Studies reported to date were mainly focused on the antibacterial activity of TiO2 nanoparticles in in vitro pure cultures using Escherichia coli as the bacterial representative [4446]. Such an activity is generally associated with the photocatalytic effects of TiO2, although increasing experimental evidence also demonstrated TiO2-mediated cell alterations without UV illumination [50, 51]. Taylor et al. [47] investigated the in vitro exposure of a gut microbial community from a healthy donor to three different types of metal oxide nanoparticles, including TiO2, in a model colon. Such exposure-induced changes in the phenotypic traits of the gut community, including short-chain fatty acid production (particularly for butyric acid), cell hydrophobicity, sugar content of extracellular polymers, cell size and electrophoretic mobility. In a further study, Waller et al. [48] evaluated the impact of food-grade TiO2 (vs industrial-grade TiO2) on the composition and phenotype of a human gut microbiota. An inhibition of the control-induced shift in microbial composition from Proteobacteria to Firmicutes phyla was observed. TiO2 exposure also resulted in a lower value of the colonic pH (∼pH 4) as compared to the control (>5). Additionally, similar trends in microbial community hydrophobicity and electrophoretic mobility were obtained between control and food-grade exposures. Interestingly, different microbial responses were observed with the industrial-grade form, underlying the significance of physical and chemical properties of TiO2 in intestinal homeostasis.

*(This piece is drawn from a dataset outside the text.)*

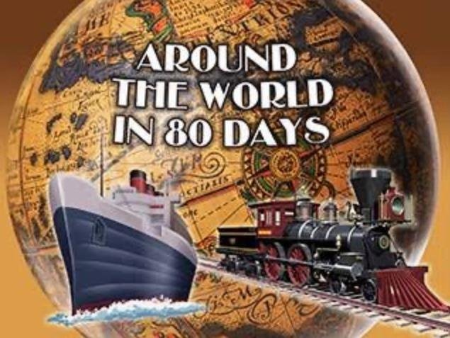 Played in English. The London gentleman Phileas Fogg made a bet with members of the aristocratic club that he would be able to go around the world in 80 days. Will they be on time? Who will win the bet?
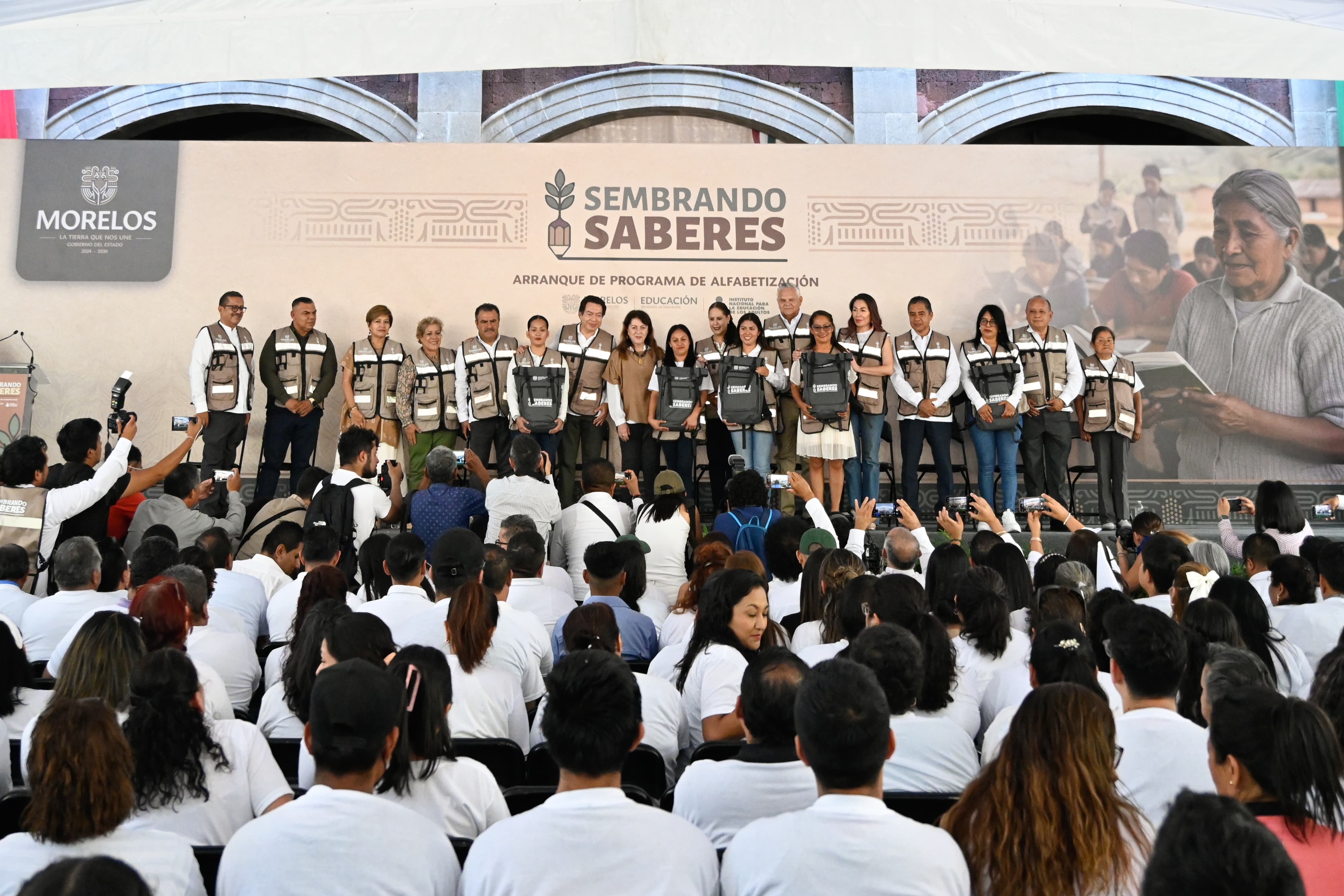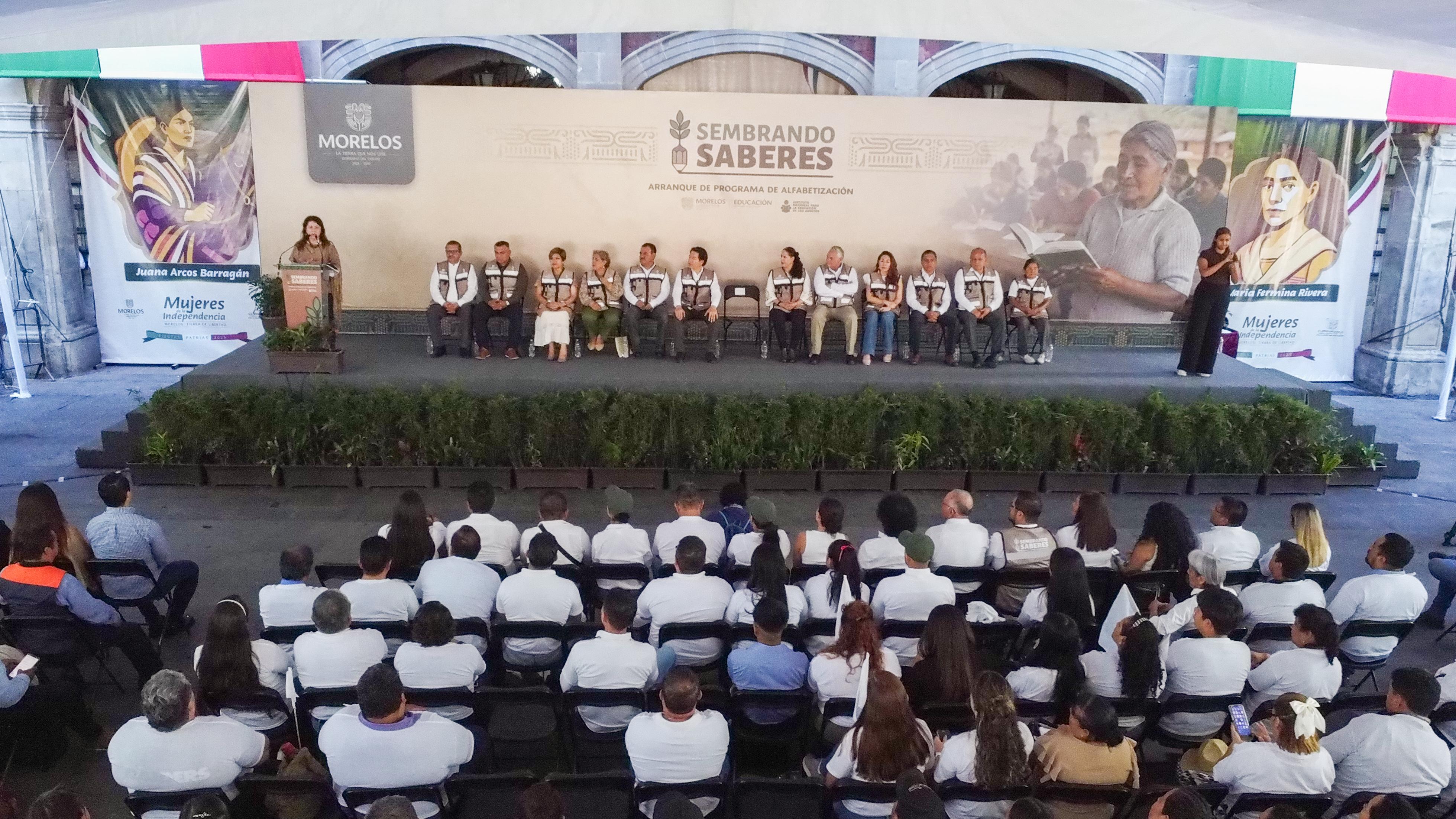 Cuernavaca, Mor. (6 de septiembre). – Con el firme propósito de avanzar hacia la meta de que en Morelos todas las personas sepan leer y escribir, sin importar su edad o condición social, este día inició la campaña de alfabetización “Sembrando Saberes”, en un emotivo acto encabezado por la gobernadora Margarita González Saravia y el titular de la Secretaría de Educación Pública (SEP) del Gobierno de México, Mario Delgado Carrillo.

2.5.2. TiO2 in interaction with the intestinal mucus

Mucus is the viscoelastic gel that lines and protects the intestinal epithelium. It is secreted continuously along the whole intestine by specialized goblet cells in the epithelium (Figure 4), and is present in larger amounts in the colon than elsewhere. Mucus was long considered to act as a ‘simple’ physical barrier, but it is now known to have other key functions essential for the preservation of intestinal homeostasis [4951], including (i) lubrication of the epithelium, facilitating the progress of material along the digestive tract, (ii) maintenance of a stable microenvironment at the epithelial surface, (iii) protection of the epithelium through the presence of immune system molecules and (iv) provision of an ecological niche for the intestinal microbiota.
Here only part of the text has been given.